◆ **Data below**:
-- Opening Marker --

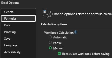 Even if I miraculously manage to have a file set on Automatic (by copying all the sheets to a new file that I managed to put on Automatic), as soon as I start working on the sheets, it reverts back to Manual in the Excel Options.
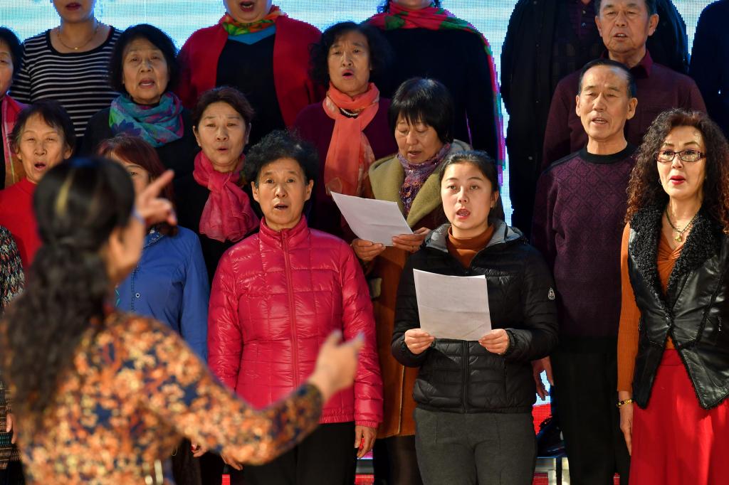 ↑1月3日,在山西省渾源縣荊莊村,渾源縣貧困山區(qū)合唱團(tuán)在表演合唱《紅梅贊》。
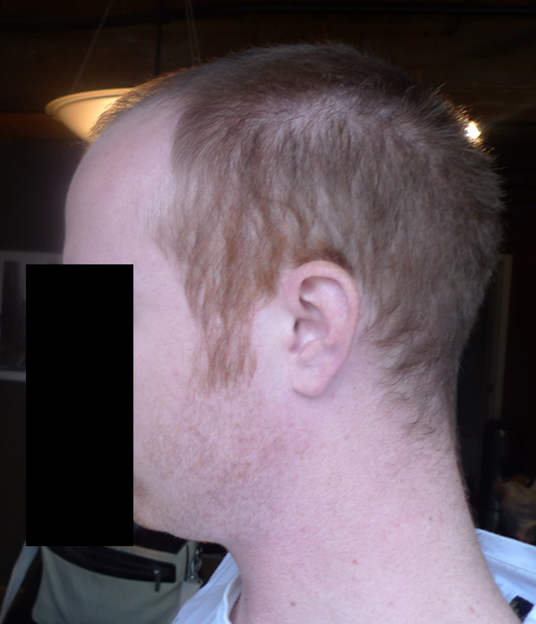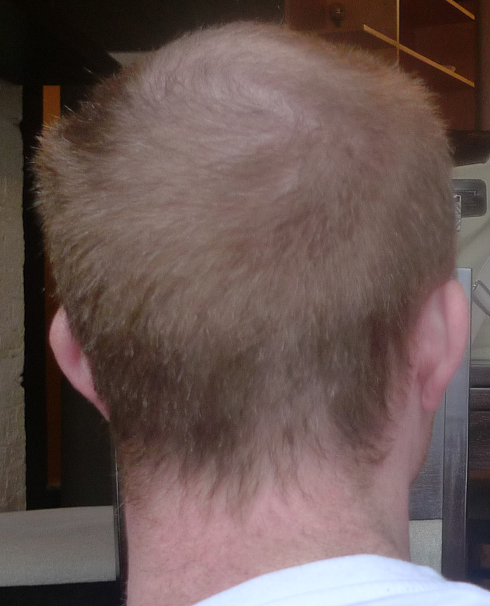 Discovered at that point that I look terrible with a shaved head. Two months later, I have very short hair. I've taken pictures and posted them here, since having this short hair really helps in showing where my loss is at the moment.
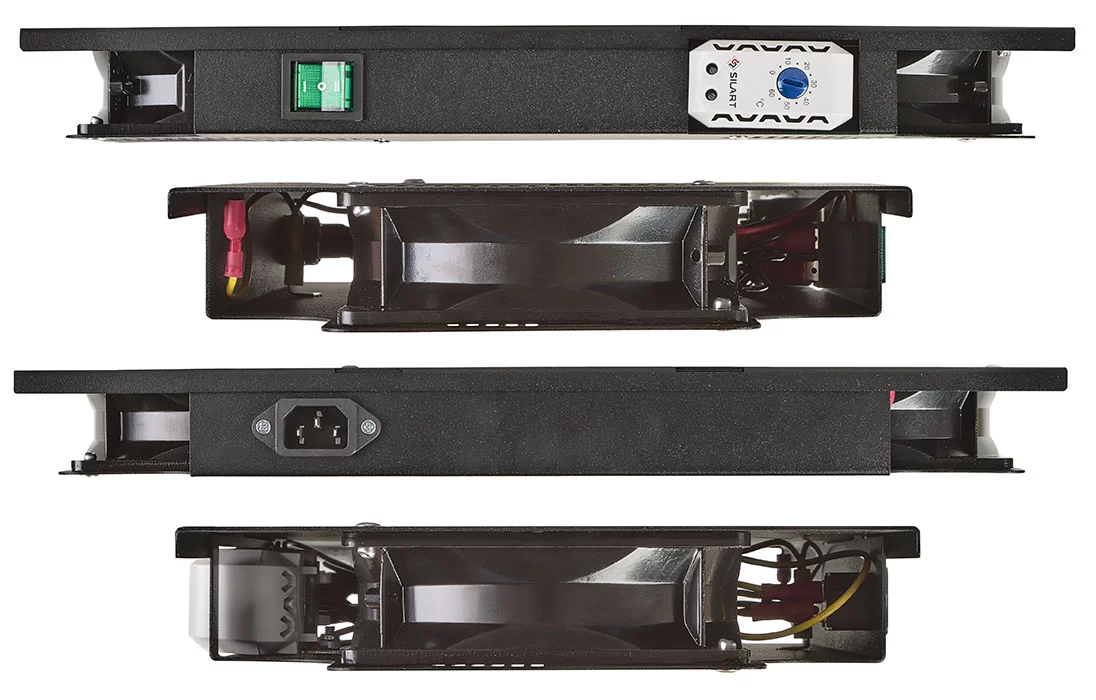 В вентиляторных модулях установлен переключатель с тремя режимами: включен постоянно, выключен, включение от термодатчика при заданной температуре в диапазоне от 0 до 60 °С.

-- Closing Marker --

◆ **Work task**:
Quote the full listing above word for word; exclude every picture from the copy.

◆ **Answer for this exercise**:
 Even if I miraculously manage to have a file set on Automatic (by copying all the sheets to a new file that I managed to put on Automatic), as soon as I start working on the sheets, it reverts back to Manual in the Excel Options.
 ↑1月3日,在山西省渾源縣荊莊村,渾源縣貧困山區(qū)合唱團(tuán)在表演合唱《紅梅贊》。
 Discovered at that point that I look terrible with a shaved head. Two months later, I have very short hair. I've taken pictures and posted them here, since having this short hair really helps in showing where my loss is at the moment.
 В вентиляторных модулях установлен переключатель с тремя режимами: включен постоянно, выключен, включение от термодатчика при заданной температуре в диапазоне от 0 до 60 °С.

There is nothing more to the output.